Die Verfasserin des Leserbriefes, die den Stein ins Rollen gebracht hatte, aber namentlich nicht mehr genannt werden möchte, hat indes weitere Versuche im Rathaus unternommen. Eine persönliche Stellungnahme von Bürgermeister Jens-Peter Golde (Pro Ruppin) hat sie zwar noch nicht bekommen, dafür aber eine Antwort vom Baudezernenten Arne Krohn: „In der Fontanestadt hatten wir bereits vor vielen Jahren einmal einen Streit um die Verwendung des Namens Fontane“, schrieb er in seiner Mail. Ein Unternehmer hatte sich damals „Fontane“ als Wortmarke schützen lassen und für den Gebrauch eine Gebühr zahlen lassen. „Dieser Spuk wurde nach langen Streitigkeiten beendet“, so Krohn. Gegen die Benennung eines Geschäftes nach Fontane könne die Stadtverwaltung demnach nichts unternehmen.
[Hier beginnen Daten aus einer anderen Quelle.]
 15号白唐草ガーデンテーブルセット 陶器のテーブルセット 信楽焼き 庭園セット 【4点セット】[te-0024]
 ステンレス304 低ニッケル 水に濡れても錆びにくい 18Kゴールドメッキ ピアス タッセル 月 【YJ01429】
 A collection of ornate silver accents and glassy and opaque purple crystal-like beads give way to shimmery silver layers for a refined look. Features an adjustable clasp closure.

Restaurantname ist nur schmückendes Beiwerk

Zu Jaber Shakeri, dem Inhaber des „Fontane-Döners“ in der Fehrbelliner Straße, kamen in den vergangenen zwei Wochen einige Gäste, die von dem Zeitungsartikel gehört hatten. „Die finden den Namen aber alle gut“, versichert der Iraner. Kaum Rückmeldungen zu diesem Thema hat Stefan Zabel von „Fontane’s Grill & Curry“ in der Bilderbogenpassage erhalten. „Ich will keinen Stress. Ich will einfach nur in Ruhe meine Wurst braten“, sagt der Inhaber. Alles andere – die Sprüche an der Wand, das Logo auf dem Schild und der Name seines kleinen Curryrestaurants – sei nur schmückendes Beiwerk. „Fontane gehört in dieser Stadt einfach dazu“, so der Neuruppiner, der zuvor die Ruppiner Speisegaststätte in der August-Bebel-Straße geführt hatte.
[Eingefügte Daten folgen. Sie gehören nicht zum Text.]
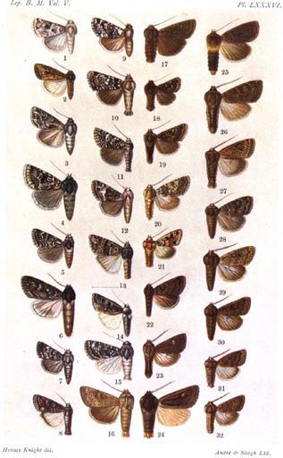 Keywords: CATALOGUE-BM-PLATE LXXXVI.jpg en PLATE LXXXVI 1 Discestra florida m Vol V p 15 Florida H10257 Trichoclea florida Sm 1900 2 Craterestra semifusca f p 22 Uganda 3 Scotogramma hadeniformis f p 30 Colorado H10237 Trudestra hadeniformis Sm 1894 4 Anarta etacta f p 41 Alaska H10330 Sm 1900 5 Polia naevia m p 65 Colorado H10381 Lacinipolia naevia Sm 1898 6 P languida m p 69 Colorado H10280 P purpurissata Grt 1864 7 P griseata f p 74 Colorado H10381 Lacinipolia naevia Sm 1898 8 P gnata m p 86 Arizona H10375 Lacinipolia gnata Grt 1882 9 P dilatata f p 118 New Mexico H10416 Lacinipolia illaudabilis Grt 1875 10 P variolata m p 118 Washington H10326 Miselia variolata Sm 1888 11 P glaciata m p 119 Arizona H10325 Miselia glaciata Grt 1882 12 P roseosuffusa m p 189 Arizona H10389 Lacinipolia roseosuffusa Sm 1900 13 P vittula f p 183 New Mexico H10380 Lacinipolia vittula Grt 1882 14 P incurva m p 184 New Mexico H10373 Lacinipolia incurva Sm 1888 15 P intentata m p 184 Colorado H10379 Lacinipolia umbrosa Sm 1888 16 Chabuatta punctosa m p 264 Australia 17 Hyssia sminthistis m p 280 New Zealand 18 H niveiguttata m p 288 California H10575 Ulolonche niveiguttata Grt 1873 19 H orbiculata m p 289 Colorado H10574 Ulolonche orbiculata Sm 1891 20 H musculina m p 289 Syria 21 Proteinania achatioides m p 290 Brazil 22 Eriopyga crocosticta m p 292 Mexico 23 E mulina m p 293 Mexico 24 E baruna m p 294 Brazil 25 E mediorufa f p 295 Brazil 26 E contempta m p 295 Costa Rica 27 E curtica m p 296 Colorado H10546 Protorthodes curtica Sm 1890 28 E acalus f p 296 Colorado H10548 Protorthodes akalus Stkr 1898 29 E incincta m p 297 Colorado H10552 Protorthodes incincta Morr 1874 30 E perfusca m p 299 Mexico 31 E melanopis m p 299 Arizona H10566 Protorthodes melanopis Hamp 1905 32 E orobia m p 299 Texas H10565 Protorthodes orobia Harv 1876 CATALOGUE OF THE NOCTUIDAE IN THE COLLECTION OF THE BRITISH MUSEUM Sir GEORGE F HAMPSON Bart 1903-1913 PD-old Catalogue of Lepidoptera Phalaenae in the British Museum Vol 4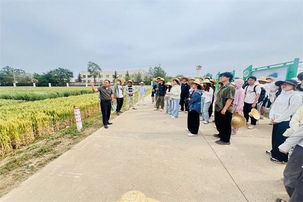 任忠哲副场长从资源现状、历史沿革、成果贡献、当前重要任务等方面介绍了农场的基本情况。农业技师蔡东明为同学们带来一场干货满满的小麦育种知识培训。正在田间收集试验材料的农学院宋瑜龙副教授化身现场导师,为学生们演示小麦生长各环节的观察与记录方法,耐心讲解每个阶段的要点,包括如何识别不同生长阶段特征、评估病虫害影响,以及优化田间管理措施等。学生们积极围拢,认真聆听、踊跃提问,现场学习氛围浓厚。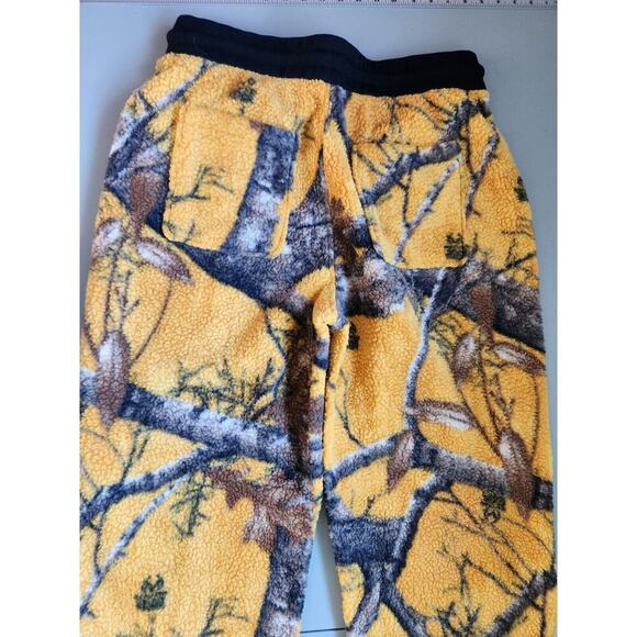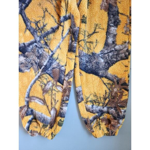 Polyester sherpa fleece lounge pants. Camouflage pattern printed throughout.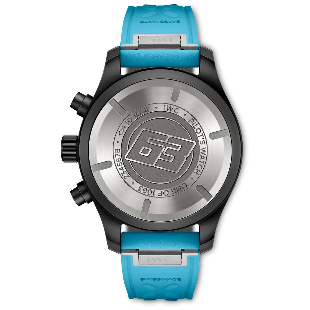 Limitert til 1063 eksemplarer, kasse i sort keramikk og blå gummireim inspirert av fargen på hjelmen til George Russel. Dette er IWC på sitt beste!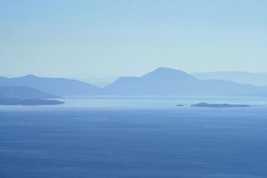 Keywords: seascape coast shore sea ocean islands distant misty summer water nature travel vacation coastline outdoor scenery tranquil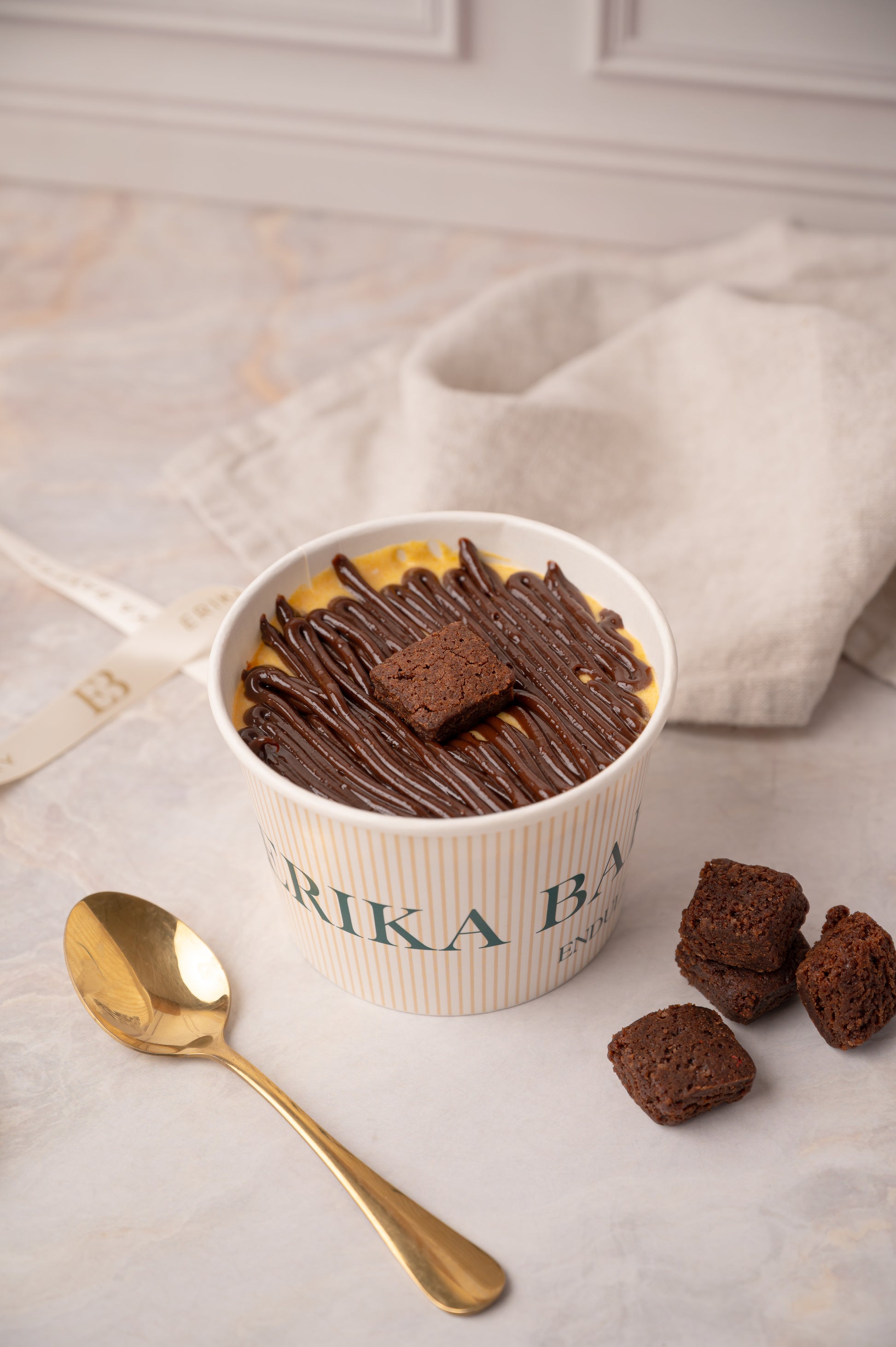 Pedacitos de brownie con mouse de lúcuma y fudge de olla, porción personal

159 Leser – und damit die Mehrheit – haben das bei der Online-Abstimmung anders gesehen. Sie halten nichts davon, einen Imbiss nach Theodor Fontane zu benennen. Immerhin 86 würden die Wahl des Namens dem Inhaber überlassen. 67 Mal wurde für Gleichgültigkeit gestimmt und 61 Leser sehen es als Identifikation mit der Fontanestadt.
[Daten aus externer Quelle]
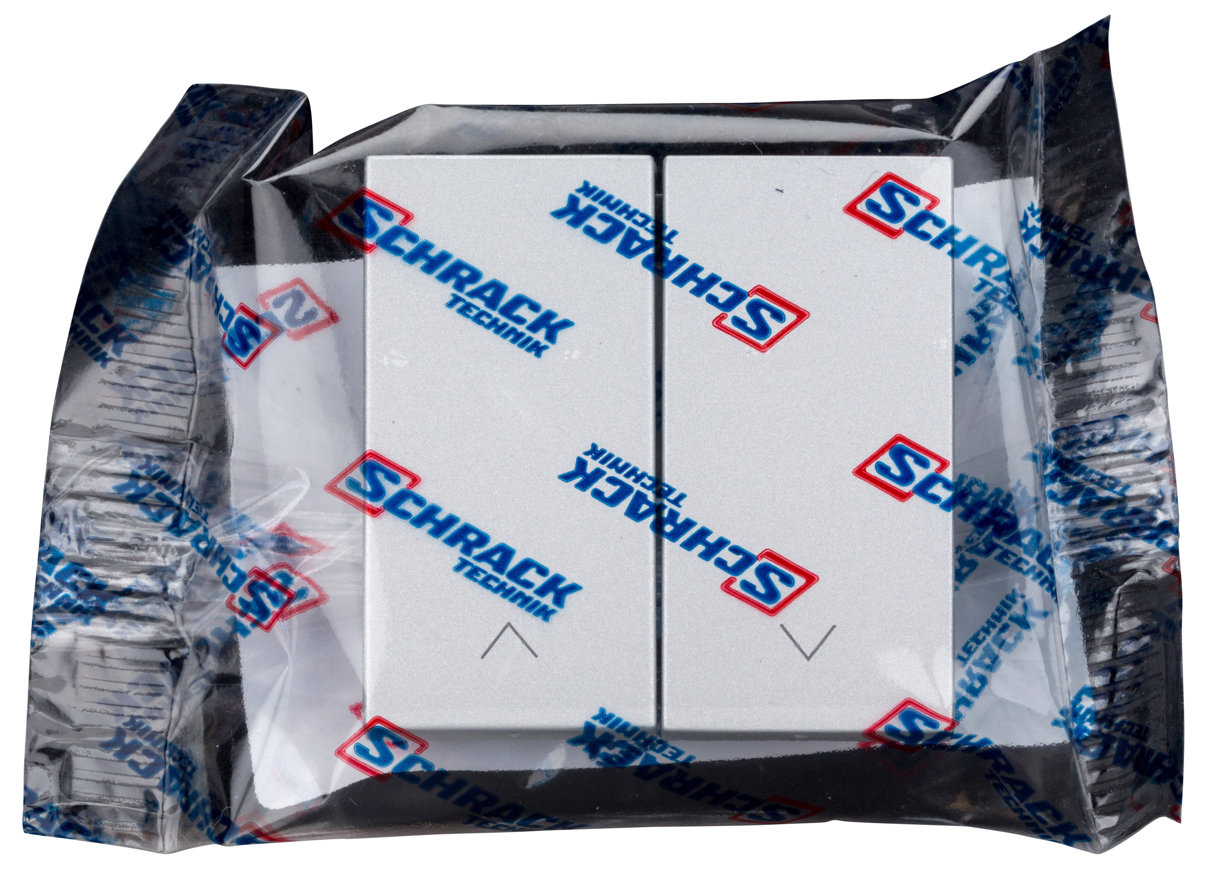 Kryt spínačů a ovladačů dvojitý, symbol šipky, stříbrný

Theodor Fontane wohin man sieht

Seit 1998 trägt die Stadt Neuruppin offiziell den Beinamen „Fontanestadt“. Dem Schriftsteller zu Ehren steht auf dem Fontaneplatz das Fontanedenkmal, geschaffen 1907 vom Bildhauer Max Wiese. Auch eine Fontanestraße, die Oberschule „Theodor Fontane“ und natürlich die Theodor-Fontane-Gesellschaft erinnern an ihn.

Alle zwei Jahre finden seit 2010 immer zu Pfingsten die Fontane-Festspiele statt, bei denen traditionell der Fontane-Preis für Literatur verliehen wird. Einige andere haben sich ebenfalls für den prominenten Namen entschieden: die Fontane-Apotheke, die Fontane-Buchhandlung, die Fontane-Therme des Resorts Mark Brandenburg, der Kindergarten Fontaneknirpse und der Keglerverein Fontanespatzen. Beim Ruppiner Feingebäck gibt es Fontane-Kekstaler, beim Weinhaus am Markt einen Wein „Edition Fontane“ und die Preussenquelle in Rheinsberg stellt das Theodor-Wasser her.